I've noticed a significant change regarding URL validation in the recent updates, particularly with 5f6437c, where the parsing of query strings underwent a complete overhaul. Specifically, the package now utilizes urllib's query parsing method, resulting in URLs containing query strings with keys but without values (e.g., https://www.lrt.lt/?rss) being flagged as invalid. Given that URLs of this nature are commonly encountered, and according to RFC-3986, the presence of values for keys is not required, I'm curious to know if this change was intentional or merely a side effect.

MaxDall commented 5 months ago

I'm sorry, I just realized that this is a copy of #346 thus I want to expand my question:

As #346 suggested to pass strict_query=False, basically disabling query parsing, are there plans to expand the existing implementation to avoid this and validate queries correctly again?

yozachar commented 5 months ago

As https://github.com/python-validators/validators/issues/346 suggested to pass strict_query=False, basically disabling query parsing, ...

How so?

MaxDall commented 5 months ago

The used urllib.parse.parse_qs function utilizes a boolean parameter called keep_blank_values, as outlined in the documentation, to determine whether to retain empty query keys.
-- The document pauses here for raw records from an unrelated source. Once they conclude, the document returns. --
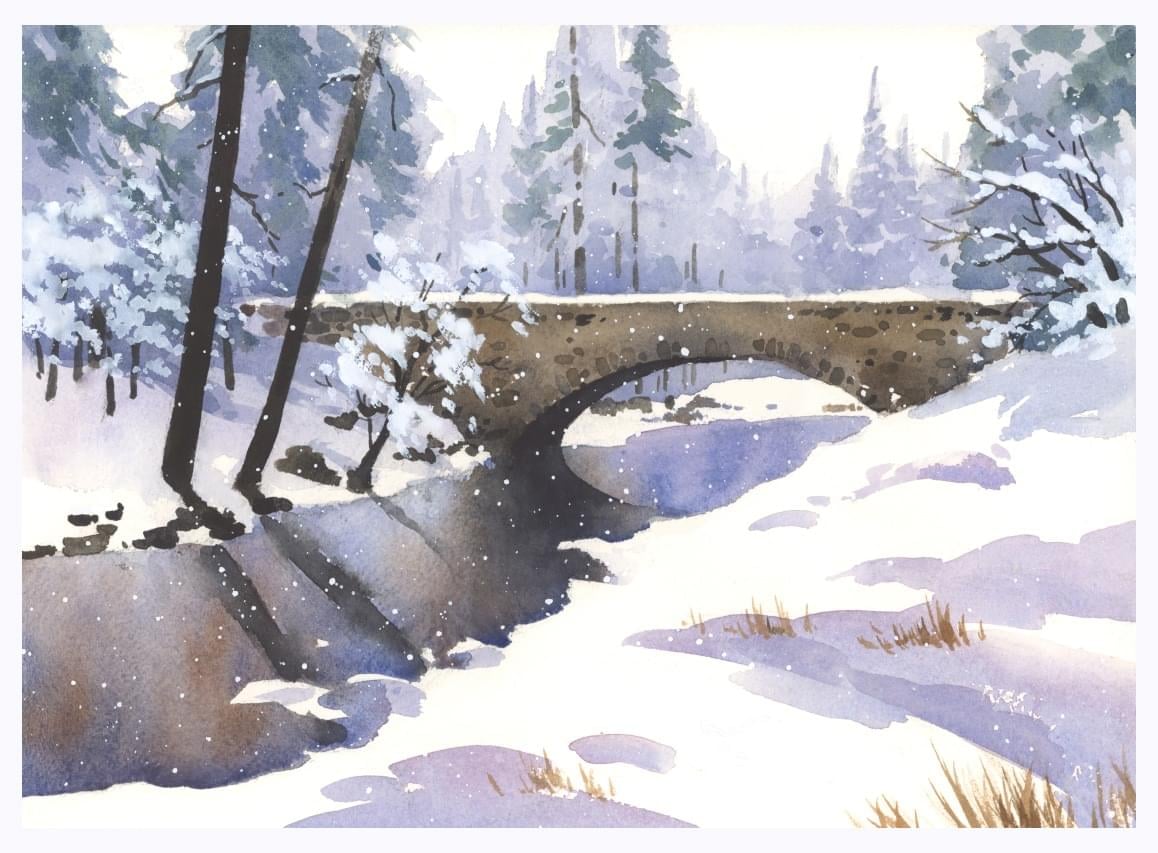 A repeatable process for planning winter landscapes, from value sketches to final accents, that you can use for any snowy scene.
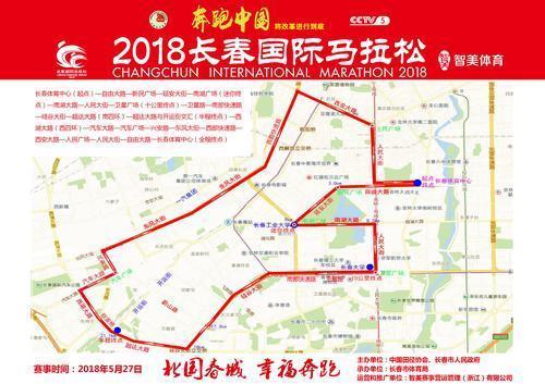 2018长春国际马拉松路线:长春体育中心(起点)→自由大路→新民广场→延安大街→南湖广场(迷你终点)→南湖大路→人民大街→卫星广场(十公里终点)→卫星路→南部快速路→硅谷大街→超达大路(南四环)→超达大路与开运街交汇(半程终点)→西湖大路(西四环)→汽车大路→汽车广场→兴安路→东风大街→西部快速路→西安大路→人民广场→人民大街→自由大路→长春体育中心(全程终点)。
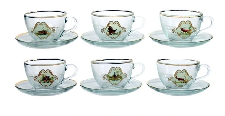 Sada skleněných hrnků s podšálky na kávu nebo čaj s různými mysliveckými motivy od firmy Jagerglass.

One could propagate said parameter to users, or enable it by default.

Following my initial example (https://www.lrt.lt/?rss)

urllib.parse.parse_qs("rss", keep_blank_values=True)

#output
{'rss': ['']}

If this suits you, I could open a PR.

Update: Additionally, I would suggest replacing strict_query with keep_blank_values, as the former suppresses part of the validation, which feels kinda contradictory to the library's purpose, but that's up to you :)

Update II: Just realized that setting keep_blank_values=True still treats it as a parsing error thus necessitating strict_parsing=False to work. I'm gonna reach out to urllib to see if I can do something there.

There is already an issue open in cpython referencing this problem.

yozachar commented 5 months ago

Just realized that setting keep_blank_values=True still treats it as a parsing error thus necessitating strict_parsing=False to work. I'm gonna reach out to urllib to see if I can do something there.

URL, already has 9 keyword and 1 positional parameter, I'm afraid adding more would clutter the function definition.

yozachar commented 4 months ago

Closing this for now. Will reopen, if https://github.com/python/cpython/issues/110843 is resolved.